Work item:
The entries below contain pictures. Write out only the lines from the line with "Gebruik de zoekbalk" up to and including the line with "两个后轮的更换都是一样的,需要用工具来顶活塞归位。", exactly, without them.

Dataset content:
= Beginning of Section =
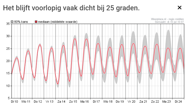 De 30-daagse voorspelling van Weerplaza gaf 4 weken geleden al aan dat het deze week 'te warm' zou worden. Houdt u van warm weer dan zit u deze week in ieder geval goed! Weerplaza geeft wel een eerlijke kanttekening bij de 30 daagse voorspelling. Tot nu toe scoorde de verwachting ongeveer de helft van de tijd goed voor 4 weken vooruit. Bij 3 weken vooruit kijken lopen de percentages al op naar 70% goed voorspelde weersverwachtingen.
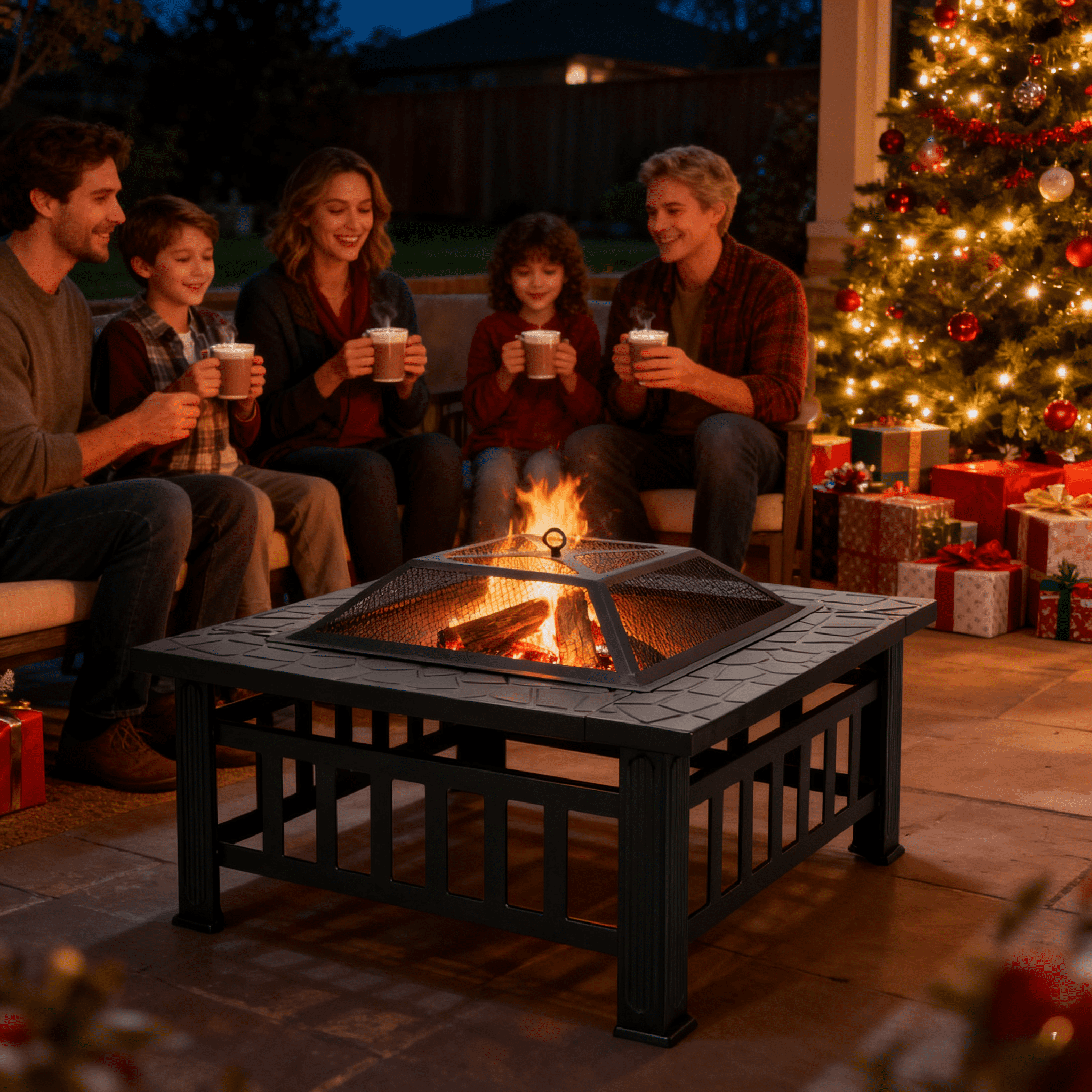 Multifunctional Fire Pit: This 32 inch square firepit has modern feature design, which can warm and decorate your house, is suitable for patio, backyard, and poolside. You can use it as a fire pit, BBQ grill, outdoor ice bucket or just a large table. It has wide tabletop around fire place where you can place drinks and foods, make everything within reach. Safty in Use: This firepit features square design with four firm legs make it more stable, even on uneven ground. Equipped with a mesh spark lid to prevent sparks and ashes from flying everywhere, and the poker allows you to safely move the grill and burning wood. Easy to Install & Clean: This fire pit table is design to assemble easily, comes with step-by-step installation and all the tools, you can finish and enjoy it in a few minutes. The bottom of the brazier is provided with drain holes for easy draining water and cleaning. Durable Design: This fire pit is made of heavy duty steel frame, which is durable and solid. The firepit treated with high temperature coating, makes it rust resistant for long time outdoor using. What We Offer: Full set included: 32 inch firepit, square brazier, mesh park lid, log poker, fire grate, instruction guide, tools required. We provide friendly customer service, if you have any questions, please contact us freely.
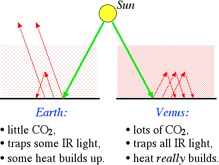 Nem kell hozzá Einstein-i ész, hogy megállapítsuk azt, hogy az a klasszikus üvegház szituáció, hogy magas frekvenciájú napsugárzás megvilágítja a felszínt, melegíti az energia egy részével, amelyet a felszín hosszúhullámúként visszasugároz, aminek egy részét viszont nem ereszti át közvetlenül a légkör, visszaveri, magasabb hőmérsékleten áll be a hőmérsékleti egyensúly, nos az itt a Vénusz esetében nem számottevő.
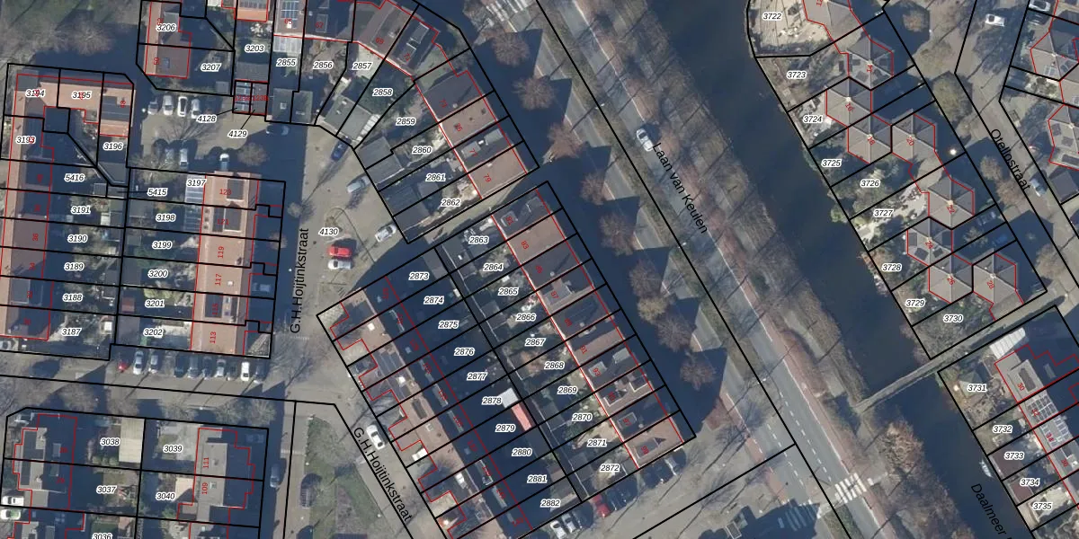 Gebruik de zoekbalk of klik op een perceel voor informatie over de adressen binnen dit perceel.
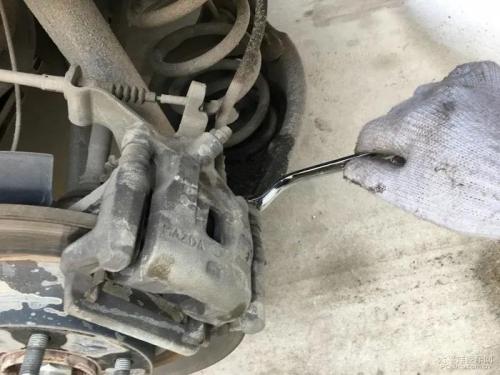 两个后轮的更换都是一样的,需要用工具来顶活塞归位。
= End of Section =
= Beginning of Section =
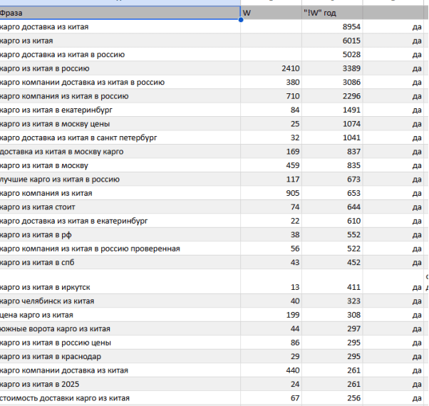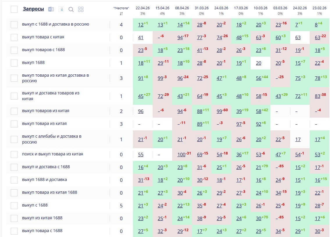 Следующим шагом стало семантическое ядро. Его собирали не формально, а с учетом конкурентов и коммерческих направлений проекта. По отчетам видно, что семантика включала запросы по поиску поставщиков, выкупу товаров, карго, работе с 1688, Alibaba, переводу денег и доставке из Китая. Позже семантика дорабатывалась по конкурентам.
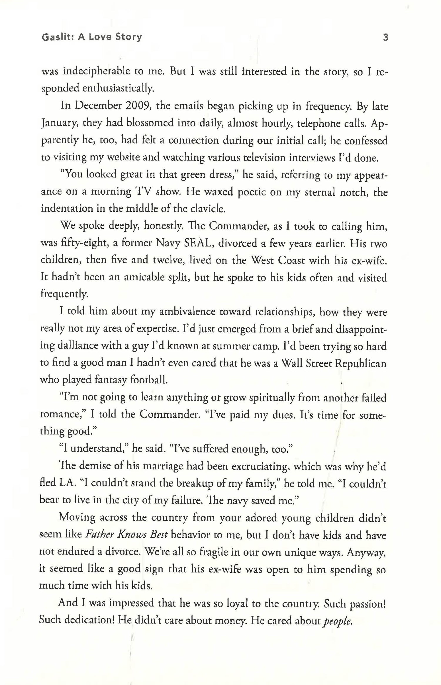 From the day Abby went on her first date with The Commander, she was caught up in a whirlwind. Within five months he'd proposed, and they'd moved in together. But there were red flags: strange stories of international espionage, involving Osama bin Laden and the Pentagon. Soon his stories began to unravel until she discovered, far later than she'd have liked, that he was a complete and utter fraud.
= End of Section =
= Beginning of Section =
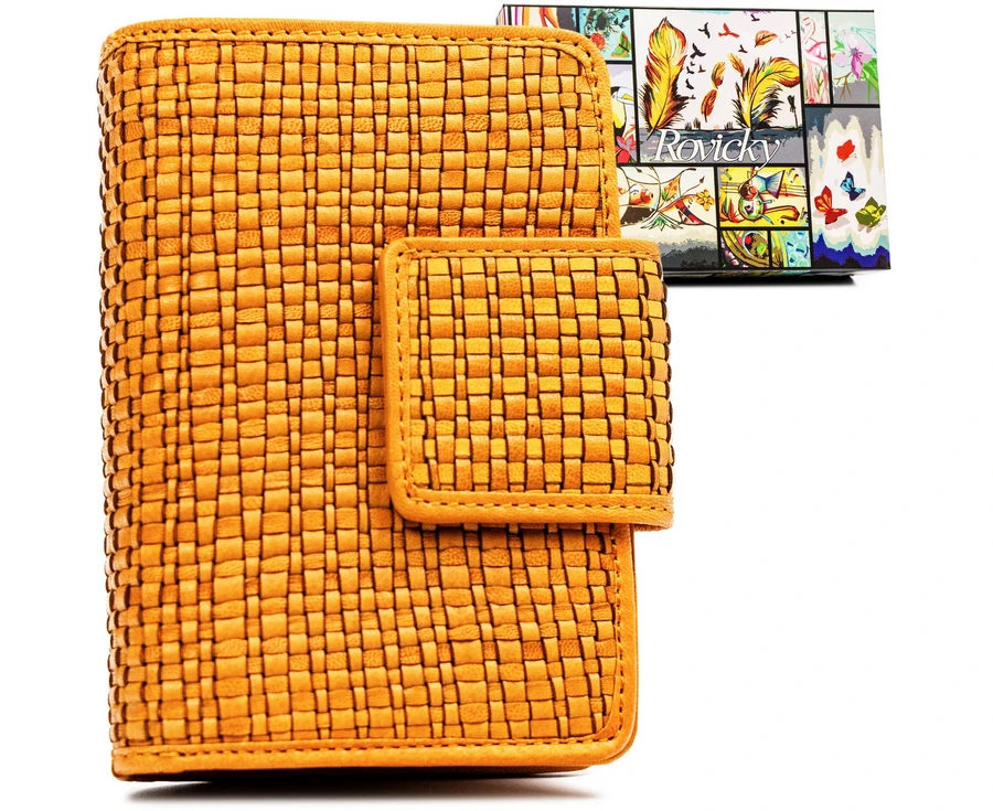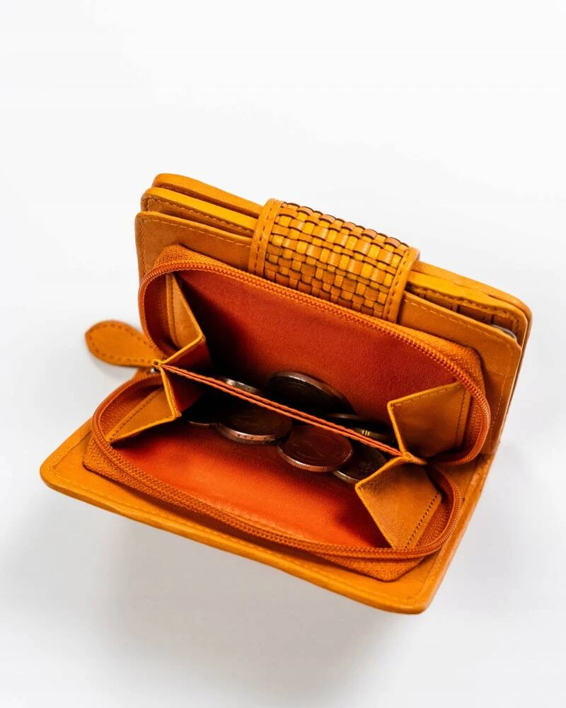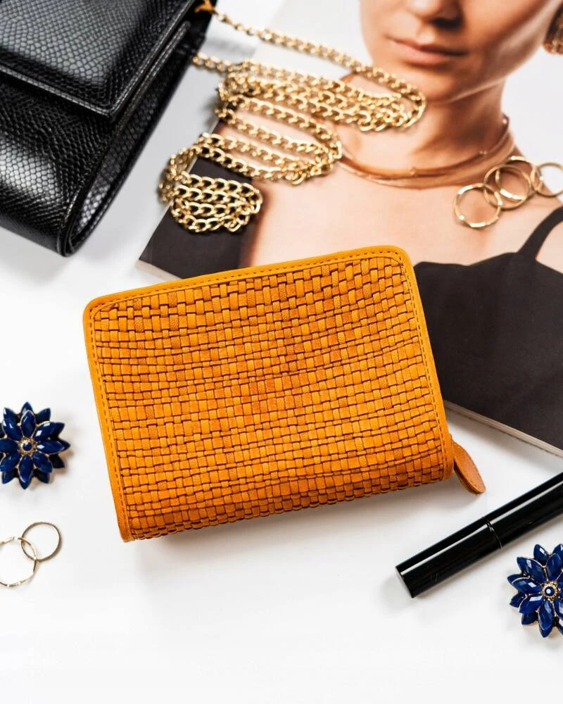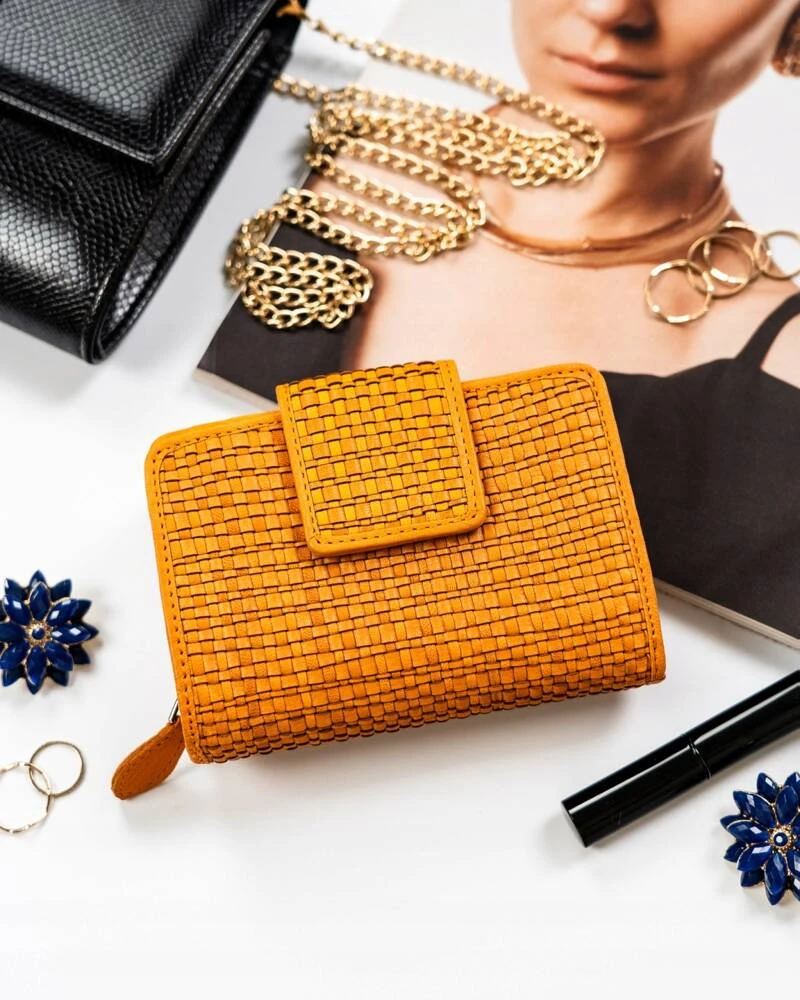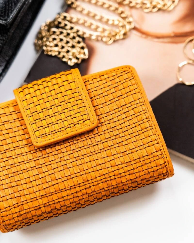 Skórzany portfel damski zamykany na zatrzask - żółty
= End of Section =
Your response:
 Gebruik de zoekbalk of klik op een perceel voor informatie over de adressen binnen dit perceel.
 两个后轮的更换都是一样的,需要用工具来顶活塞归位。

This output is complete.